Les infrastructures sont généralement de bonne qualité, mais la corruption et l’inefficacité administrative restent un frein pour les opérateurs étrangers qui investissent dans des projets spécifiques, notamment ceux impliquant des travaux publics.

Le gouvernement se heurtera probablement à une forte résistance bureaucratique pour promouvoir améliorations dans ces domaines, garantissant que les progrès seront lents en 2022.

Sécurité et risques de guerre: les relations de la Tunisie avec les pays voisins sont généralement bonnes et une guerre interétatique est extrêmement improbable dans la perspective de cinq ans.

Suite au démantèlement de l’ancien appareil de sécurité de l’État, l’armée a pris un plus grand rôle dans la sécurité intérieure de la Tunisie. Cela comprend le maintien de l’ordre dans les zones frontalières désertiques contre les passeurs et les djihadistes; le maintien de la sécurité à des endroits stratégiques tels que les ports, les aéroports et les ambassades; et la prévention des perturbations et des dommages lors de flambées de troubles politiques et sociaux, notamment sur les actifs énergétiques.

La petite taille de l’armée signifie qu’il est mal équipé pour faire face de manière concluante à l’activité djihadiste persistante dans les zones frontalières avec l’Algérie et la Libye.
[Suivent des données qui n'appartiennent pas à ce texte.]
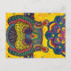 Um hipopótamo brilhante, feliz, multicolorido, contra um fundo amarelo ensolarado.
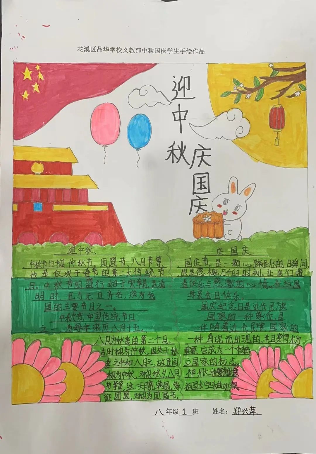 56个民族56支花,今年的中秋与国庆又撞了一次腰。国泰民安,阖家团圆。国与家撞了个满怀,国之双喜,事事团圆。“家”是国的基础,“国”是“家”的延伸,“家国”缺一不可。中秋团圆,有你有我有国有家,“家”与“国”在时间上相连,在文化上相牵。在欢度中秋国庆假期的同时,如何让这个假期更有意义呢?学校为我们设计了三类德育作业,让我们在体验式学习中培养家国情怀,在实践活动中塑造良好品德,建立文化自信,拥有民族自豪感,从而度过了一个充实而有意义的假期。以下为我们的德育作品展示合集,请您查收:

Risques terroristes : le cadre sécuritaire de la Tunisie a été considérablement affaibli par la révolution de 2011 et n’a été que partiellement restauré. L’armée a eu du mal à couvrir le déficit de capacité de sécurité qui en a résulté. Une préoccupation particulière demeure : le contrôle des frontières poreuses avec l’Algérie et la Libye, ainsi que l’activité djihadiste en cours dans la région du Jebel Chaambi.

Les réseaux et petites cellules composés d’individus auto-radicalisés ont bénéficié d’un accès facile à l’expérience des jihadistes étrangers basés en Irak, en Libye et en Syrie. Et les infiltrations de jihadistes tunisiens depuis la Libye restent probables, maintenant le risque élevé d’attentats terroristes tout au long de 2023.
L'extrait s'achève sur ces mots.